Марк отхлебнул немного вина, уставясь взглядом на пламя свечи, колеблющееся между ним и Энни, его глаза казались совсем бездонными.
– Она не была похожа на остальных женщин в деревне. У нее была бабка‑англичанка, и она выросла в атмосфере, где английский был вторым языком в семье. Затем училась в университете и получила ученую степень за успехи в изучении языкознания, успев это сделать до замужества. Она была помолвлена, когда ей исполнилось только восемнадцать, – родители хотели этого брака. Им нравился Жак Дюмон, к тому же родители молодых крепко дружили. Вдобавок они были еще и дальними родственниками. Анна знала будущего мужа с детства. И он ей тоже нравился.
При упоминании бабушкиного имени Энни вздрогнула, бросив быстрый взгляд на Марка, но тот был невозмутим. Пламя свечи слабо высвечивало его лицо, он подпер голову рукой, густая прядь волос упала на лоб.
– Она не была без ума от него, впрочем, как и он от нее. Она сама мне об этом рассказывала. Они не противились свадьбе, потому что это устраивало всех и еще потому, что ни один из них не встретил кого‑то другого, кто бы увлек его… Той Энни был двадцать один год, ему на несколько лет больше. У них не водились особо деньги, но брак оказался удачным, они стали друзьями, хорошо дополняли друг друга. Жизнь текла ровно и размеренно, без высоких, взлетов и низких падений.
Энни не была уверена, хотела бы она для себя такого же брака. Марк перехватил ее взгляд и улыбнулся, словно сумел прочитать ее мысли.

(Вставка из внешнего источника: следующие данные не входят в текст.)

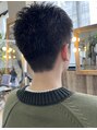 スッキリ、ベリーショート。全体は短くしながらも刈り上げを柔らかく。短いスタイルでもワイルドな雰囲気だけじゃなく柔らかい質感にさせて頂きました。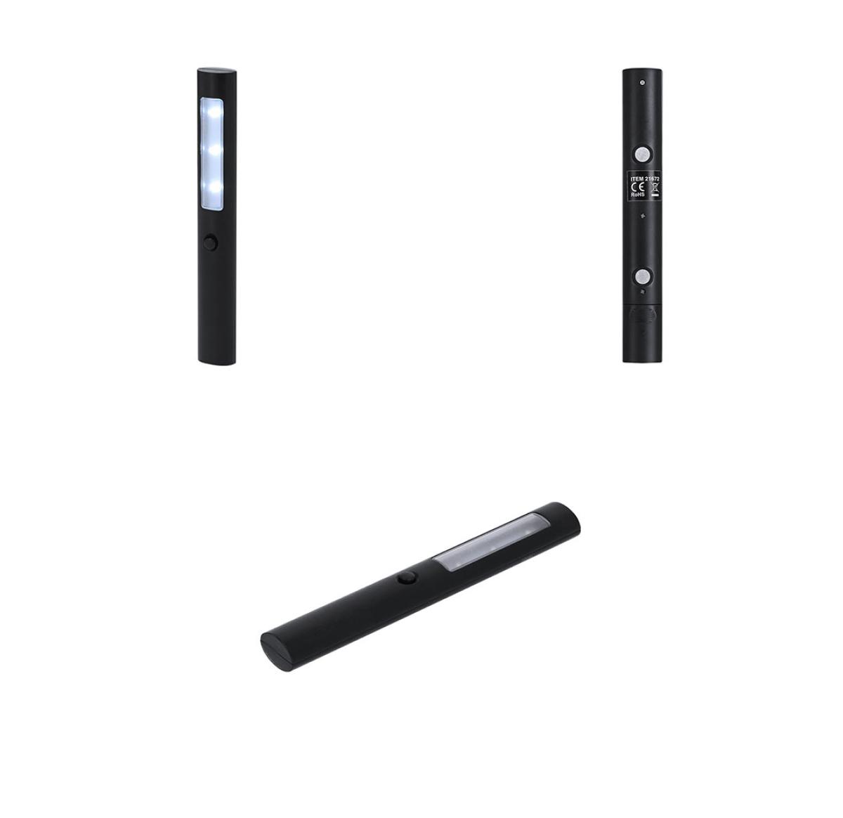 3 LED flashlight with durable ABS body, with button on the front and practical magnets on the back. Powered by button batteries included.

– Но, узнав о гибели мужа, Анна сильно горевала. Ей очень не хватало его. Она словно потеряла брата. Она как‑то сказала мне, что они жили очень дружно, и, узнав, что его убили, она просто взбесилась. Вот почему она вступила в ряды Сопротивления после падения Франции. Это помогло ей пережить горе и наполнило опустевшую жизнь новым смыслом – она заняла место мужа в строю, к тому же она получила возможность отомстить врагу. В те годы в горах Юра было неспокойно, поскольку это был приграничный район со Швейцарией и Германией.
– Но ведь там должно было быть очень опасно, – вслух подумала Энни.
– Да, конечно, так оно и было. Весь район просто кишел германскими солдатами. Правительство Свободной Франции контролировало территорию к югу и к северу от Виши. Конечно же, немцы старались установить контроль над этим приграничным районом – они не намеревались позволить кому‑либо беспрепятственно пересекать швейцарскую границу.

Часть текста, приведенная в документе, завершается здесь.